Hyponatremia: Monitor serum sodium levels throughout treatment. Correct for concurrent hyperglycemia and high serum paraprotein levels. Manage with dose interruption, reduction, or discontinuation, and supportive care.
Serious Infection: Monitor for infection and treat promptly.
Neurological Toxicity: Advise patients to refrain from driving and engaging in hazardous occupations or activities until neurological toxicity resolves. Optimize hydration status and concomitant medications to avoid dizziness or mental status changes.
Embryo–Fetal Toxicity: Can cause fetal harm. Advise females of reproductive potential and males with a female partner of reproductive potential, of the potential risk to a fetus and use of effective contraception.
Cataract: Cataracts may develop or progress. Treatment of cataracts usually requires surgical removal of the cataract.
Adverse Reactions
The most common adverse reactions (≥20%) in patients with multiple myeloma who receive XVd are fatigue, nausea, decreased appetite, diarrhea, peripheral neuropathy, upper respiratory tract infection, decreased weight, cataract and vomiting. Grade 3–4 laboratory abnormalities (≥10%) are thrombocytopenia, lymphopenia, hypophosphatemia, anemia, hyponatremia and neutropenia. In the BOSTON trial, fatal adverse reactions occurred in 6% of patients within 30 days of last treatment. Serious adverse reactions occurred in 52% of patients. Treatment discontinuation rate due to adverse reactions was 19%.

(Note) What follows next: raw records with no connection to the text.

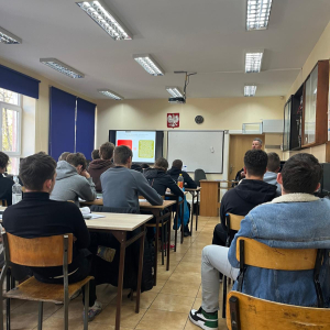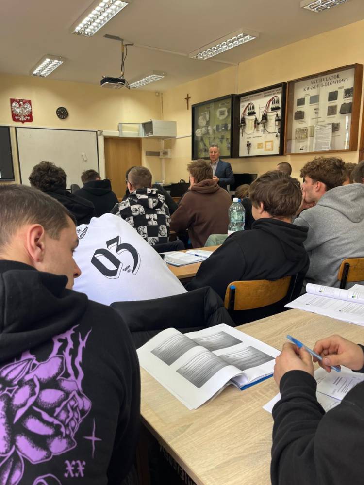 29 października br w ramach realizacji projektu unijnego „ Transformacja kształcenia branżowego w Powiecie Żywieckim-szkolenia i staże uczniowskie” 25 uczniów z klas 4 i 5 technikum samochodowego wraz z 6 nauczycielami przedmiotów zawodowych uczestniczyli w szkoleniu -„Uprawnienia SEP do 1 kV”. Szkolenia Elektroenergetyczne to specjalistyczne kursy, które dają uprawnienia w zakresie eksploatacji, jak i dozoru urządzeń instalacji elektrycznych. Przyszli technicy mechanicy pojazdów samochodowych do obsługi samochodów elektrycznych i hybrydowych muszą posiadać uprawnienia SEP 1 kV. Szkolenie zakończyło się egzaminem przed Komisją Kwalifikacyjną. Wszyscy uczestnicy spotkania zdali egzamin.
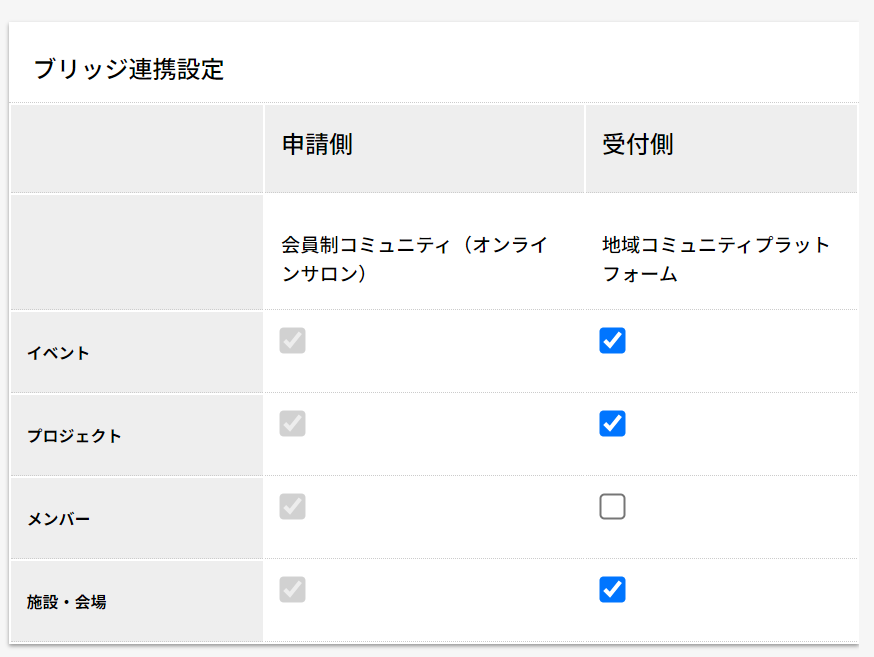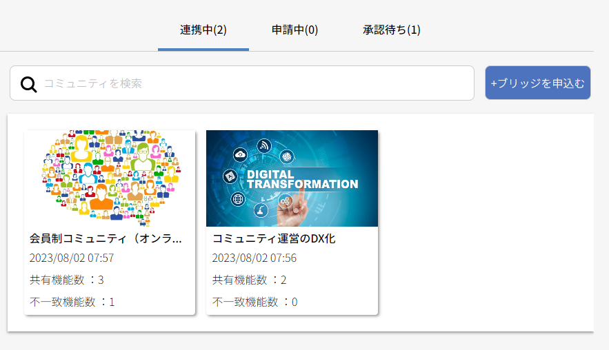 コミュニティで運営管理しているイベント、プロジェクト、施設、メンバー、動画をほかのコミュニティから連携申請することにより、承認されると連携ができるようになり、連携先に所属するメンバーが相互に情報を閲覧できるようになります。
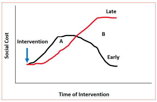 Total social cost of the introduction of gas flaring (summation of costs of damage due to the introduction of gas flaring and the costs of anti-gas flaring measures) versus the intervention time (early versus late); Area A (social cost of early intervention) versus Area B (resulting later benefits of the early intervention). Adapted from [21].
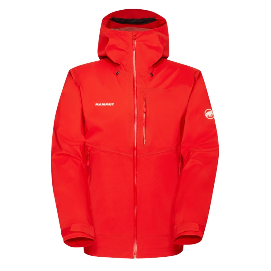 • the durable and stretchy, three-layer Mammut DRY Tour material is breathable, waterproof and PFC-free. Practical features make the hardshell jacket the ideal companion in any weather and for all activities: pockets that are easily accessible even with a backpack on and a helmet-compatible hood with reinforced visor
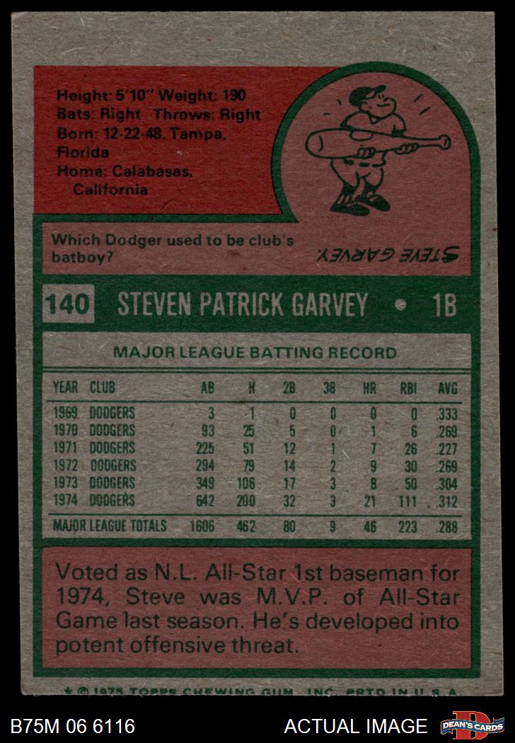1975 Topps Mini #140 Steve Garvey 3 - VG
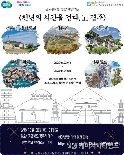 (케이시사타임즈) (재)군포시청소년재단(대표이사 김덕희) 군포시학교밖청소년지원센터(센터장 강연미)는 학교 밖 청소년 16명을 대상으로 오는 4월 22일부터 24일까지 2박 3일간 경상북도 경주시 일대에서 ‘역사캠프 현장체험학습 프로그램’을 운영한다고 밝혔다. 참가신청은 구글폼 등을 통해 접수 받은 뒤 신청 내용을 바탕으로 참여 대상자를 선정할 예정이다.
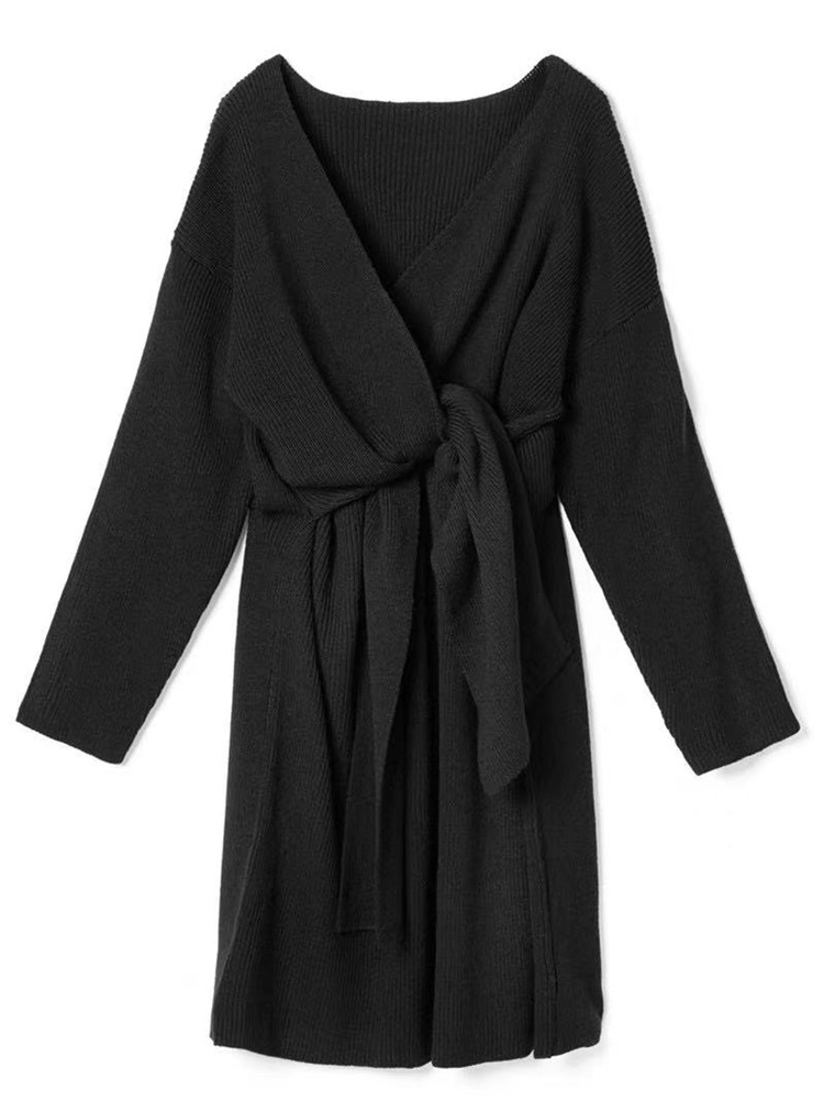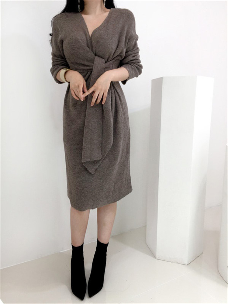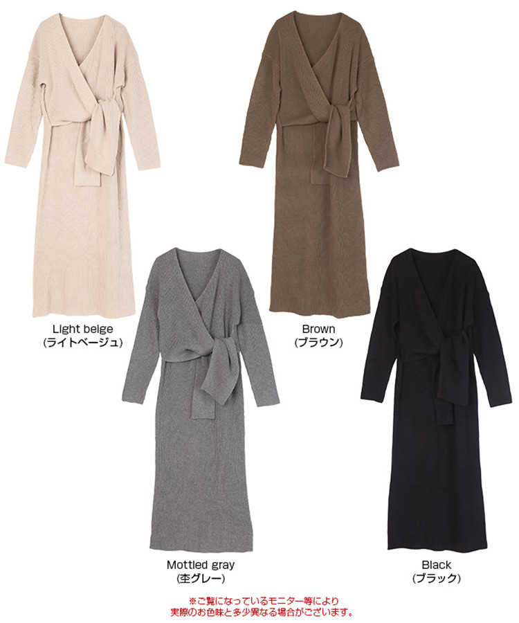 上品な深めのブイネックラインが特徴的なニット素材のロングワンピースです。
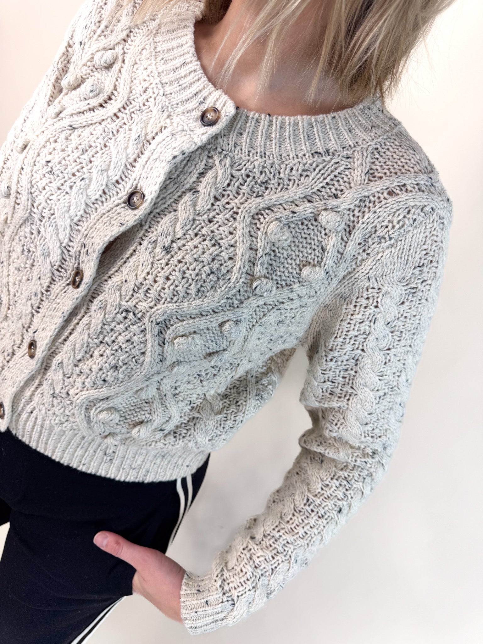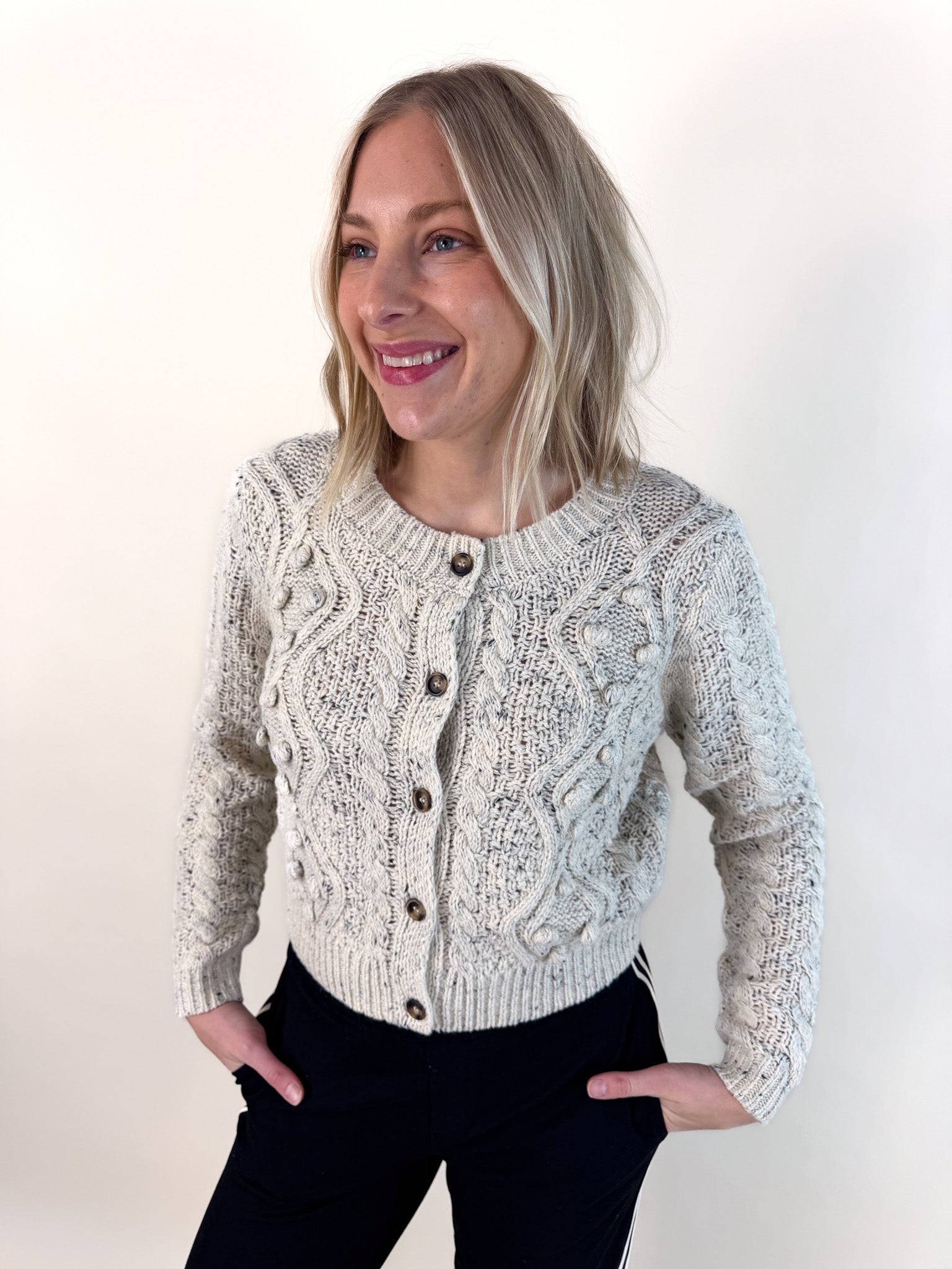 Elevate your everyday wardrobe with this sophisticated cable knit cardigan. The textured knit design adds visual interest and depth, while the relaxed fit ensures comfort without compromise. Layer it over basics for instant polish, or wear solo as a statement piece. A versatile essential that transitions seamlessly from season to season.
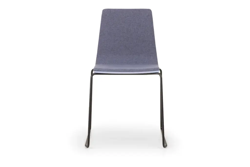 Marina is a sled chair with beech wood multilayers single shell, thickness 10 mm. Veneer in beechwood, natural oakwood, wengè stained oakwood. Upholstery in fabric or leather (see color chart).The design of Marina is characterized by linear and dynamic geometries.The shape of the seat in multilayered wood interacts with the metal frame, generating a system of marked personality. Particularly recommended for the contract branch, it is available also in the padded version and can be customized with armrests and other accessories.
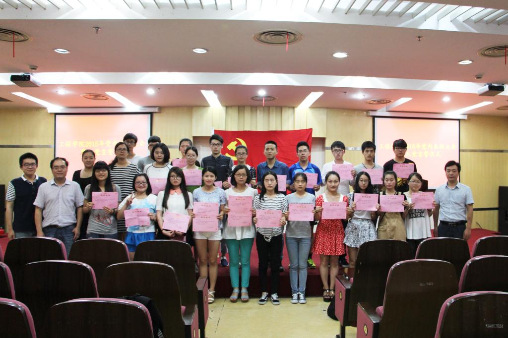 6月23日晚,工程学院学生党建工作指导委员会在图书馆第二报告厅举行入党宣誓仪式暨2015年“红旗党支部、星党员、党员示范寝室”评比表彰大会活动。学院党委书记倪建均、学生办老师、新发展党员及第51期党校学员出席本次大会。
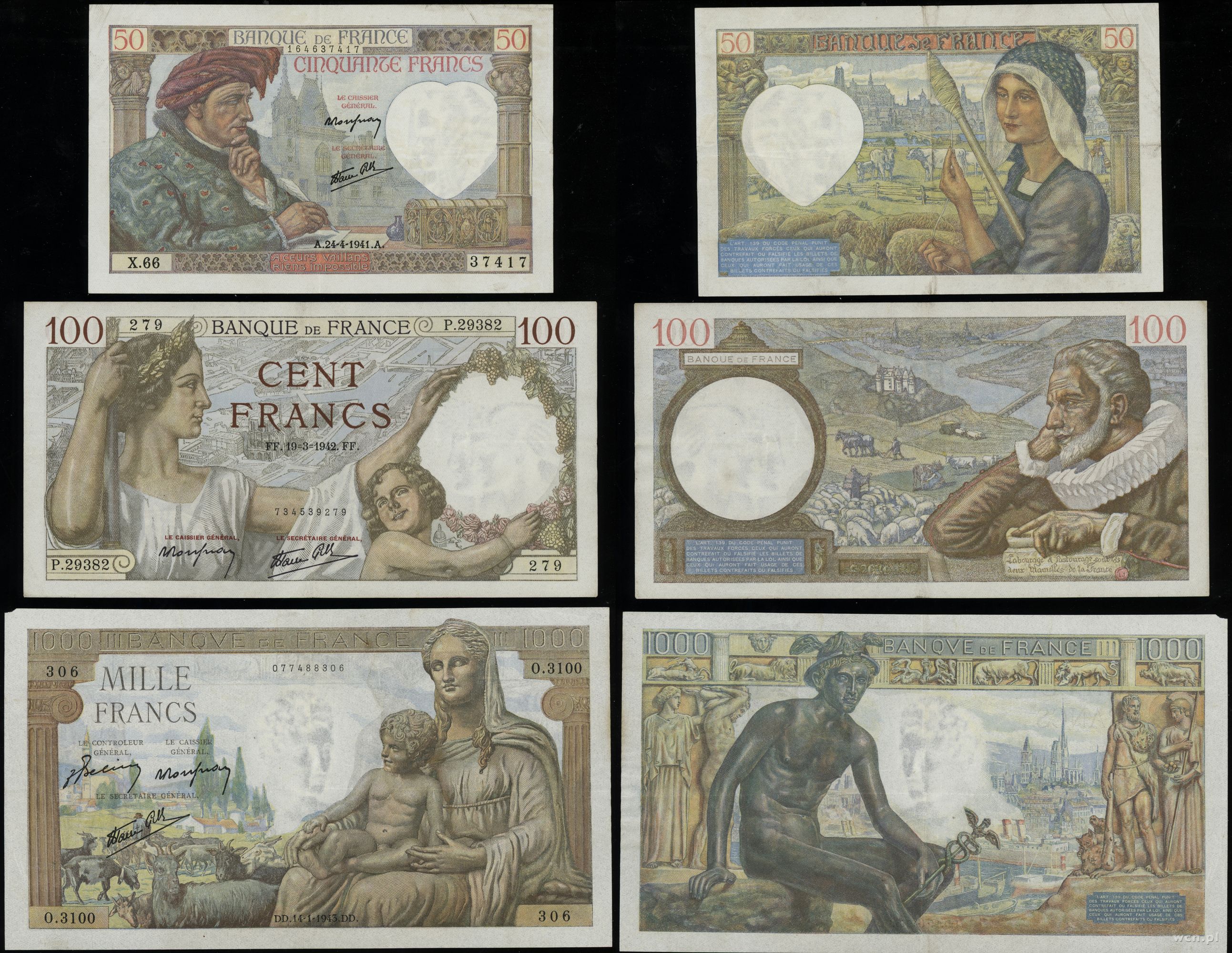 1) 50 franków 24.04.1941 seria X 66 2) 100 franków 19.03.... | III |
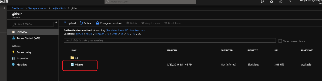 再到我们刚在建立的blob容器中也去检查一下,是不是Azure Event Hubs把所有的数据发送了过去。这里你会发现Azure Event Hubs capture的数据格式是比较流行的avro文件,之后我们就可以用spark来分析他们啦。
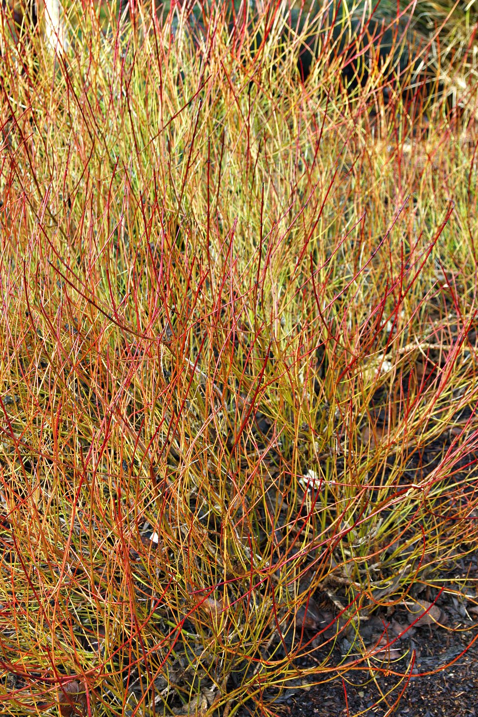 The stems of the Kelseyi dogwood are showy with a mixture of red to yellow throughout the winter turning to green when the leaves emerge. Leaves are rounded
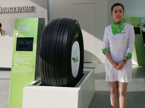 致力於開發高經濟、高性能與安全防爆胎的Bridgestone,除了展出第三代防爆胎持續在高級車市場中推廣之外,現場還找來平時極為少見的超大尺寸飛機專用胎,除了直徑幾乎達到半個人高度之外,在僅有的輪胎接觸面積下要完成飛機起降的艱困任務,對於輪胎品質與安全耐用度更是不容馬虎。

The most common adverse reactions (≥20%) in patients with multiple myeloma who receive Xd are thrombocytopenia, fatigue, nausea, anemia, decreased appetite, decreased weight, diarrhea, vomiting, hyponatremia, neutropenia, leukopenia, constipation, dyspnea and upper respiratory tract infection. In the STORM trial, fatal adverse reactions occurred in 9% of patients. Serious adverse reactions occurred in 58% of patients. Treatment discontinuation rate due to adverse reactions was 27%.
The most common adverse reactions (incidence ≥20%) in patients with DLBCL, excluding laboratory abnormalities, are fatigue, nausea, diarrhea, appetite decrease, weight decrease, constipation, vomiting, and pyrexia. Grade 3–4 laboratory abnormalities (≥15%) are thrombocytopenia, lymphopenia, neutropenia, anemia, and hyponatremia. In the SADAL trial, fatal adverse reactions occurred in 3.7% of patients within 30 days, and 5% of patients within 60 days of last treatment; the most frequent fatal adverse reactions was infection (4.5% of patients). Serious adverse reactions occurred in 46% of patients; the most frequent serious adverse reaction was infection (21% of patients). Discontinuation due to adverse reactions occurred in 17% of patients.